Colin wanted to back away, but it would look ridiculous. Andrew matched his six-foot-one height, but he looked pure slim in that expensive tan blazer. Not intimidating at all. “This party is for people who helped John move into Fergus’s flat today. Lovely of you to show up after all the work’s done.”

“I wanted to help, but unfortunately I’d an event to attend.”

“The annual meeting of the Useless Friends Society?”

Andrew shook his head sadly. “No, I canceled my membership after our last gala, when everyone ‘forgot’ to bring a covered dish.” He posed with inverted-finger-commas up, as if awaiting applause.

“Colin MacDuff.” He bit down on the words. “Is my name.”
It’s in your phone’s contacts, or at least it was.

Andrew snapped his fingers. “Yes! Colin. You were on the tip of my tongue. Your name, I mean,” he added with a flirtatious flick of his brown lashes.

I was on more than the tip
, Colin thought, his mouth watering at the memory of a darkened warehouse corner. Of techno music pumping, warm hands roaming. Then a hotel-room key slipped into his pocket, a fragile promise breathed into his ear:
See you soon.

“I didn’t catch your surname, however,” Andrew continued. “I would’ve remembered that. The MacDuffs were once Earls of Fife, until the fourteenth century, when the male line failed and the title passed to a Stewart, I believe.”

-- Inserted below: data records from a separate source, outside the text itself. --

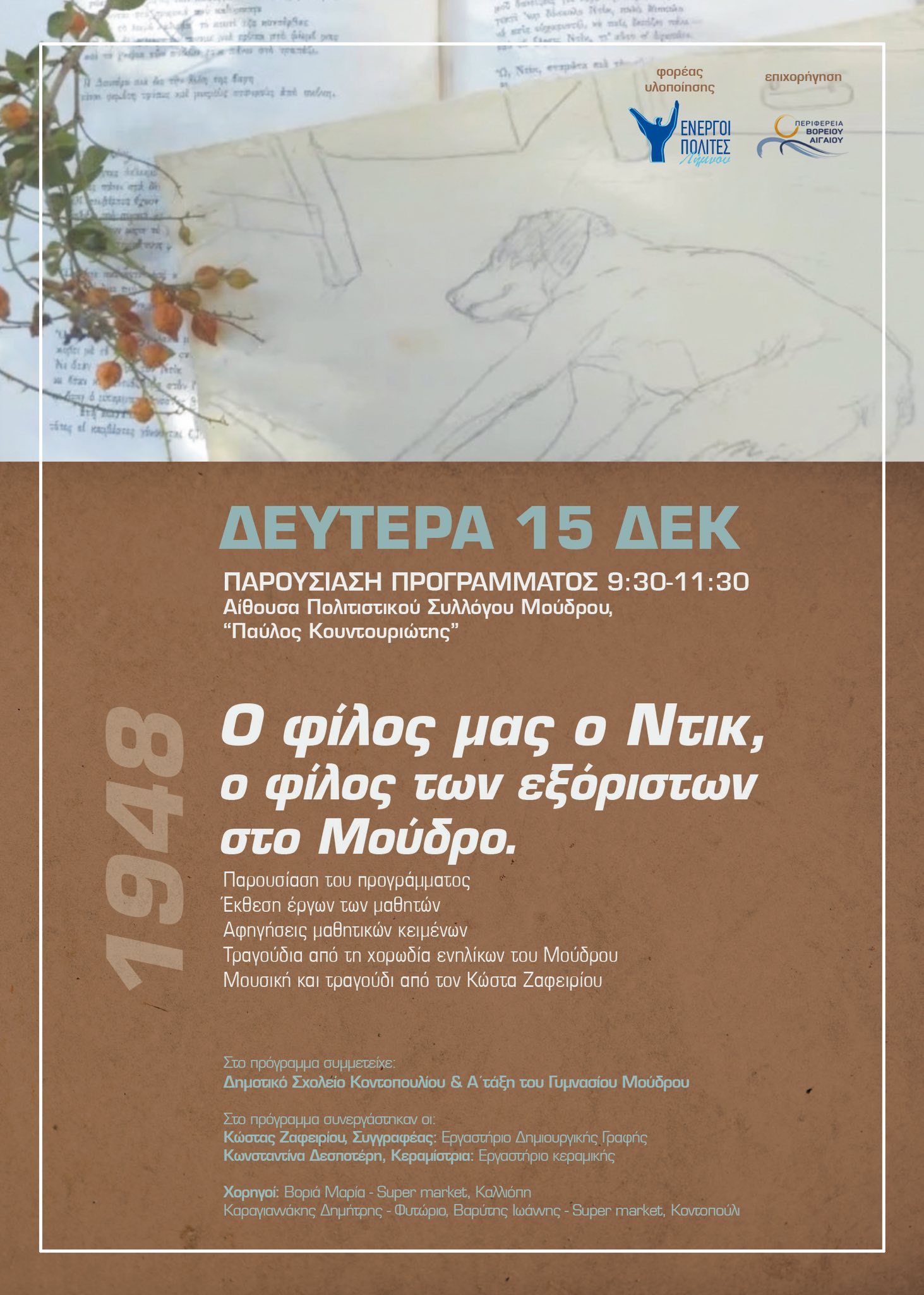 Η συγκεκριμένη δράση ανασύρει τη γνωστή ιστορία του Ντικ, του σκύλου που συντρόφευσε τους εξόριστους της εποχής και κατέληξε να γίνει μικρός θρύλος του Μούδρου!
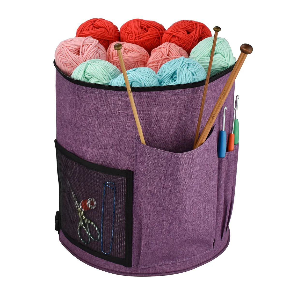 The materials used in our knitting bag are easy to clean and maintain. Simply wipe the exterior and interior with a damp cloth to remove
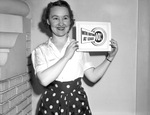 Mrs. Marcine Troutt is employed at the Fort Worth Chamber of Commerce. She is shown holding a "ten-percent of payroll" sticker. The sticker will be issued to firms with 90-percent of their personnel putting ten-percent or more of their overall payroll in United States War Bonds. Mrs. Troutt is dressed in a button-up blouse and a polka-dot skirt.
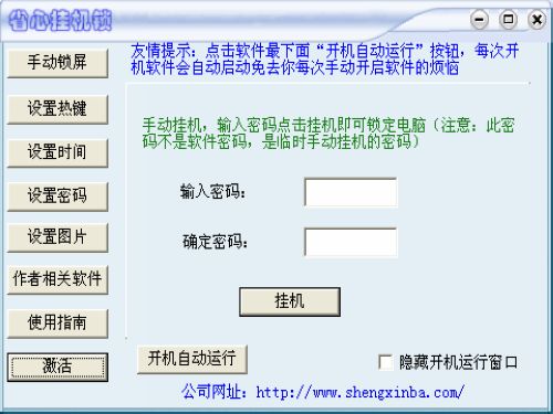 省心挂机锁是当今智能的挂机锁,可以非常方便的锁定电脑,对我们的电脑挂机,可以锁定屏幕,锁定键盘及鼠标,不输入真确的密码无法进入电脑,挂机完全自动化,挂机前不需要任何操作,只要设定的条件满足马上自动挂机锁屏.软件对于所有的设定都有记录功能一次设定永久使用软件特点1:省心电脑挂机软件操作方便,适合于学校公司及个人使用2:所有的锁定都实现自动化,不须要人为去挂机使用极为方便3:软件本身有软件密码,可以设置自己习惯的快捷键所定电脑4:可以修改软件密码,可以设定固定时间挂机(如中午吃饭时间12:00)等到12:00电脑自动挂机,在你要临时离开电脑的时候可以使用开始设置的快捷键挂机,5:利用软件密码挂机,挂机时不要为输入密码而烦恼6:软件可以设定多长时间不操作自动挂机7:挂机时对电脑没任何影响,所有设置永久生效8:软件初始密码是123,用软件密码挂机不再需要每次挂机输入密码,软件密码可修改

Colin felt his eyes glaze over. Not from boredom at the history lesson—in fact, he was relieved Andrew didn’t quote
Macbeth
to him, like most people did when they learned his surname. His focus was blurred by the scent of Andrew’s cologne, and the memory of how it had lingered on Colin’s collar for two days.

“Have you ever visited MacDuff Castle?” Andrew asked, running his fingers down, then up, the pearlesque buttons on his white dress shirt in what seemed a nervous gesture.

“Doubt they’d let me in,” Colin said, wondering whether each of those buttons was worth more than his own wardrobe.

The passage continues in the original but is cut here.